I have a normally distributed 2D dataset, and I am using the fcmeans library to perform fuzzy c-means clustering. I am able to plot the clusters with the red point indicating the cluster center (first image). However, I need to show a gradient similar to the second image where the fuzziness occurs. I am not sure how to implement this in Python and I haven't been able to find anything like it online.
from fcmeans import FCM
data = pd.read_csv("my_data.csv")
model = FCM(n_clusters=2)
model.fit(data)
centers = my_model.centers
hard_prediction_labels = my_model.predict(data)

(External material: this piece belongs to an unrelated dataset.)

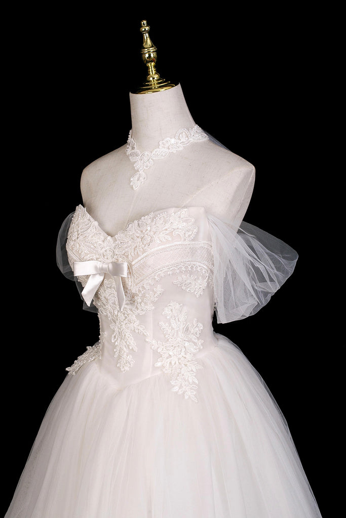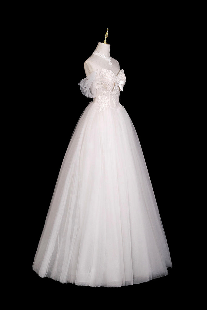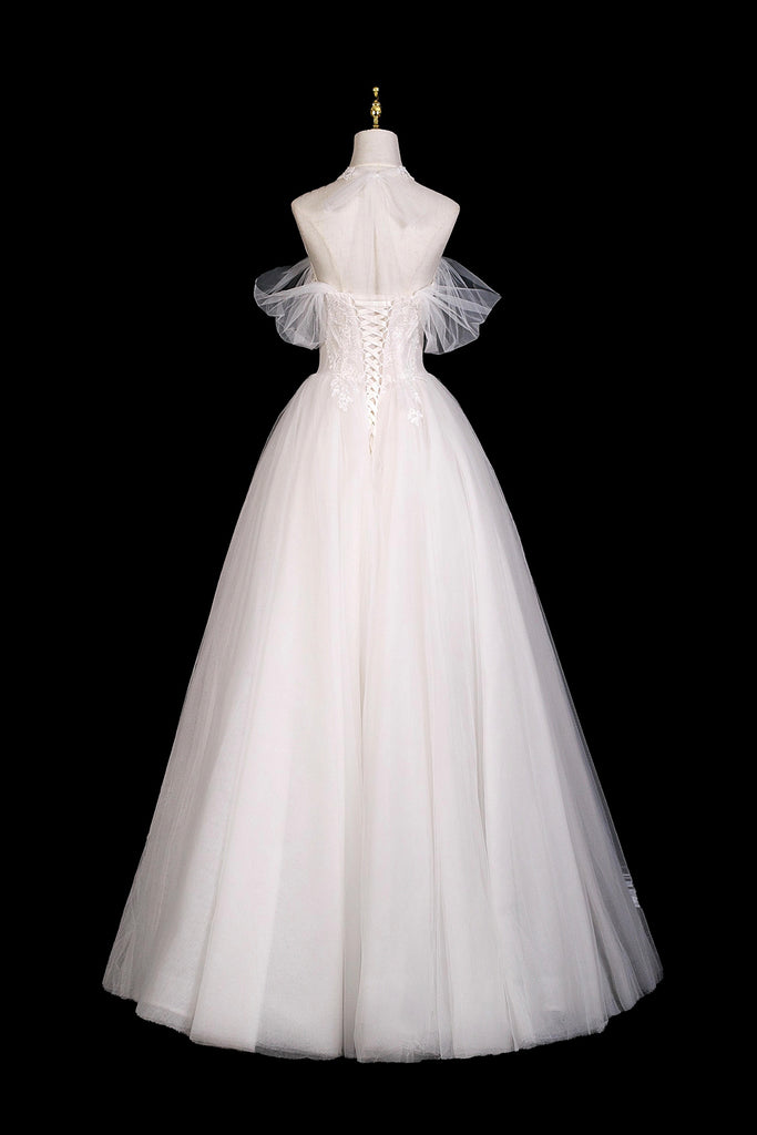 Beautiful Ivory Tulle Lace Floor Length Prom Dress, A-Line Sweetheart Neck Formal Dress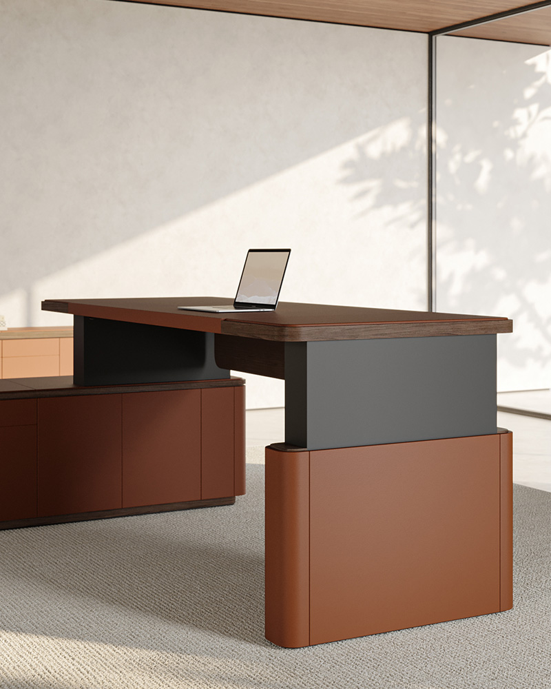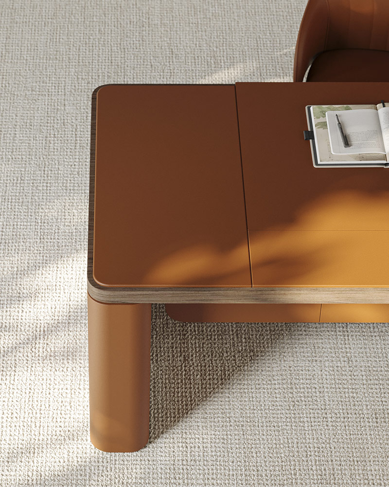 Apoyado por una pata de cuero de líneas suaves y un mueble de servicio acanalado con puertas y cajones forrados en cuero, el escritorio combina funcionalidad y estética de forma natural. El tablero de madera ligeramente redondeado, completamente forrado en cuero, y el elegante sistema de gestión de cables, también forrado en cuero, reflejan el cuidado de la sastrería y la atención al detalle.

soft_prediction_labels = my_model.soft_predict(data)
plt.scatter(data[:, 0], data[:, 1], c=hard_prediction_labels, s=30);
plt.scatter(data[:, 0].mean(), data[:, 1].mean(), s=60, c='red', label = 'Cntrds');
First Image:
Second Image (Color gradient example of what I want):
I believe that my mistake is coming from the fact that my labels are 1 or 0; however, I'm not sure how to define it in a way that would allow me to determine which points are borderline. I am able to obtain the probabilities from the soft prediction (as to the probability of the data point belonging to each cluster) using the soft_predict() function, but I am unsure of how to create a color gradient with it.
CodePudding user response:
Let's say that you have computed the (n_points, n_clusters)
array prob
, that for n_clusters
being 2, looks like
print(prob)
# 0.61 0.39
# 0.55 0.45
# .... ....
# 0.07 0.93
Then you can do the following, to have a point that is more opaque when you have a higher probability of belonging to its cluster, and more transparent when it has a lower probabilty. I think this is what you want...
n_clusters = 2
...
for cluster in range(n_clusters):
plt.scatter(data[hard_prediction_labels==cluster, 0],
data[hard_prediction_labels==cluster, 1],
s=30,
alpha=0.8*prob[hard_prediction_labels==cluster, cluster])
plt.scatter(data[hard_prediction_labels==cluster, 0],
data[hard_prediction_labels==cluster, 1],
s=5,
alpha=1.0)
NB I haven't fcmeans
so my code is untested, and is essentially based on informed speculation. You may need to adjust something to make it work.
EDIT
plotting twice each data cluster, with different sizes and transparencies, possibly give you a better visualization of your data.